Individuals of both sexes occasionally mark their chests with pungent wadded leaves, rubbing the leaf up onto the throat and chin to the mouth, where the wad is wetted and rubbed down again, repeated various times while looking up into the air. One wild male did this as he approached the tame estrus female, who was near a building, after this male had left the forest and while walking on the elevated poles which had been set up for monkey travel.
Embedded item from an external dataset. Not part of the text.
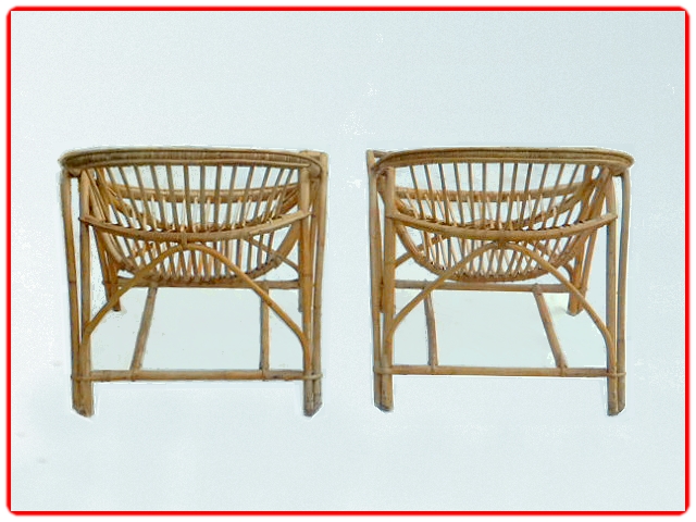 2 fauteuils en rotin anciens vintage des années 1960 avec assises larges, confortables et stables.

Another foraging female marked herself in the presence of an observing human who was 20 m from her.

Displays are similar to the coppery titi, which were first described by Moynihan (1966, 1967, 1976a). Some displays are listed here: (1) piloerection – agonistic; excited state when attacked or attacking; during danger; (2) arched-back – agonistic; before some attacks or when threatened; position held for several seconds; (3) tail twinning – when duetting or resting the pair often wind their tails around each other's tail; (4) tongue flicking – in two contexts; aggressive just before attack or as space reducer towards mate and probably just before copulation (hand-raised female at EBC tongue flicks at human "parent", especially at height of estrus cycle; (5) chest rubbing – using a wadded leaf the individual rubs from throat to chest after first wetting the leaf with saliva; performed in presence of human observer; nervousness.

Kinzey et al. observed play behavior only between the infant and male and between two juveniles. Agonistic behavior is common between neighboring groups and can sometimes results in fights, although usually the aggression is limited to intergroup vocalization.

=== Interspecific interactions and predators ===
The black titi usually attempts to move out of the path of passing troops of brown woolly monkey or tufted capuchin, although sometimes the small monkeys give a burst of loud and aggressive-sounding vocalization ("bark") when they are approached closely by the larger species. Titis frequently hides and shows much caution towards raptors. Being frightened causes them to give alarm peeps, probably because they must be especially alert to predators. A margay was detected alongside a dead black titi during recent censuses on the Purité River in Colombia, although the monkey was not freshly killed. The local group was no longer observed after this.

== Status ==
It is considered of least concern on the IUCN Red List. It may be protected in Chiribiquete National Park and El Tuparro National Park and in the two biological preserves Nukak and Puinawai.